The proposal hopes to remove the above barriers by requiring RTOs to develop new “participation models” to do several things: ensure that storage resources can provide all services of which they are capable; develop bidding parameters accurately reflect the physical and operational characteristics of storage resources; demonstrate that storage resources can be dispatched and set the wholesale market clearing price both as buyers and sellers; establish a minimum size requirement (100 kW) for participation; and specify that sales of energy between wholesale electric markets and electric storage resources that are back and forth (from one to the other and then vice-versa) occur at the wholesale locational marginal price.
Each RTO must also revise its market rules to define distributed energy resource aggregators as eligible market participants under the above participation model according to the characteristics of those distributed energy resources. The FERC does not want distributed energy resources to face barriers to entry, whether physical and/or financial.
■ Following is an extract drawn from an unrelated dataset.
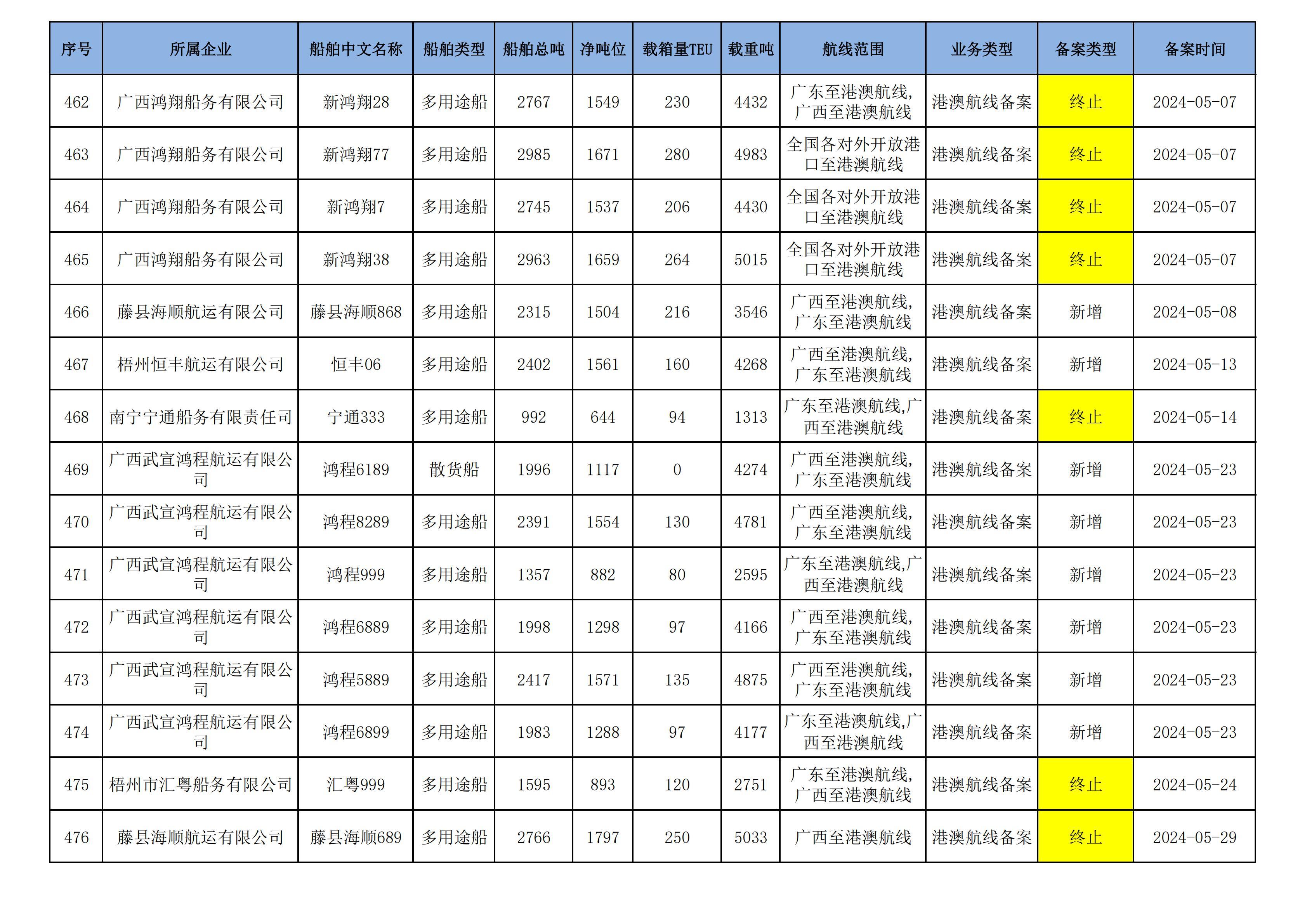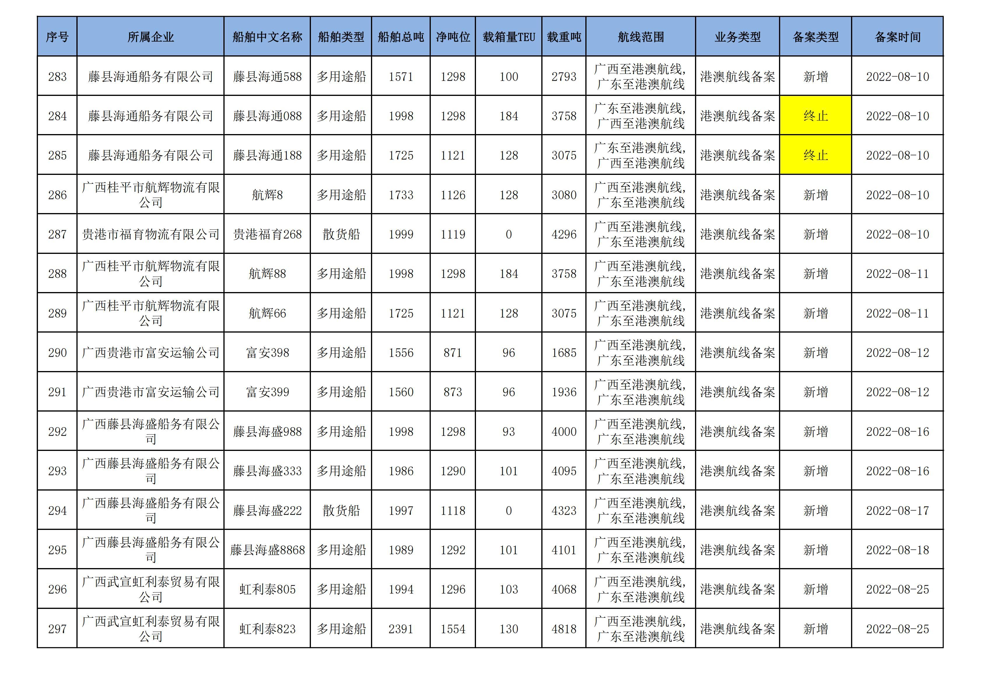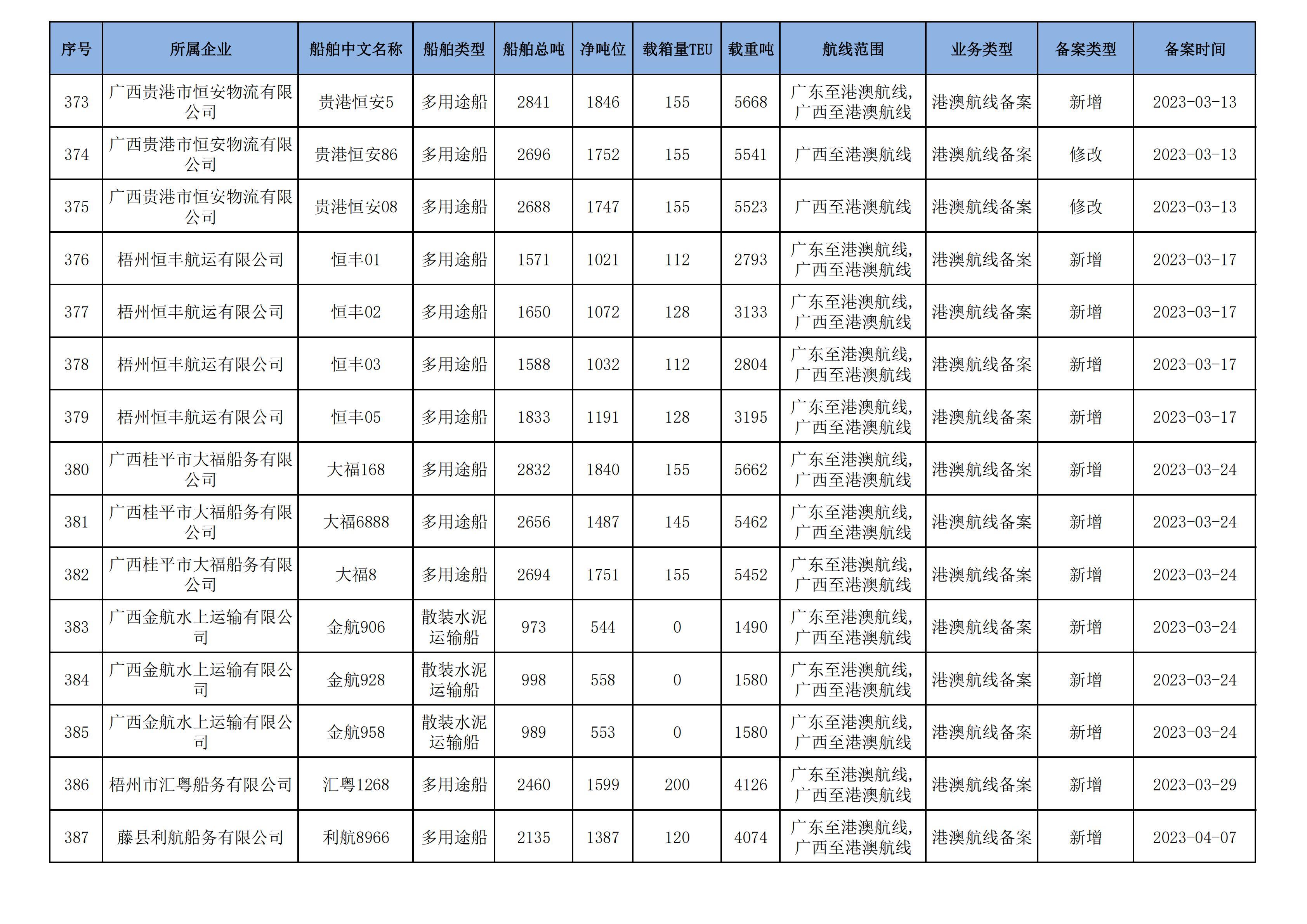 截至2025年3月13日在交通运输部水路运输建设综合管理信息系统完成备案的港澳航线水路运输船舶
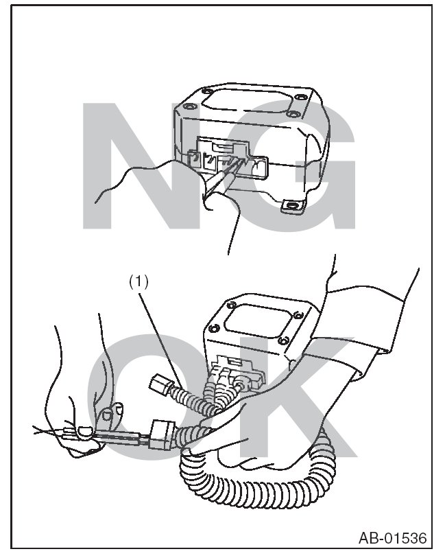 - When checking, use a test harness (1). Damage to connector terminal cause malfunction. Do not directly apply the tester probe to connector terminal of airbag.

The FERC’s 139-page proposal came shortly after a daylong technical conference in which RTOs, utilities, and technology companies debated the uses of energy storage. The depth of the proposal and short turn in response around suggests the FERC had already made up its mind before the conference. The FERC indicated that archaic and inflexible market rules have impeded innovation. Comments on the FERC’s proposal are due in late-January 2017, 60 days after publication of the NOPR in the Federal Register.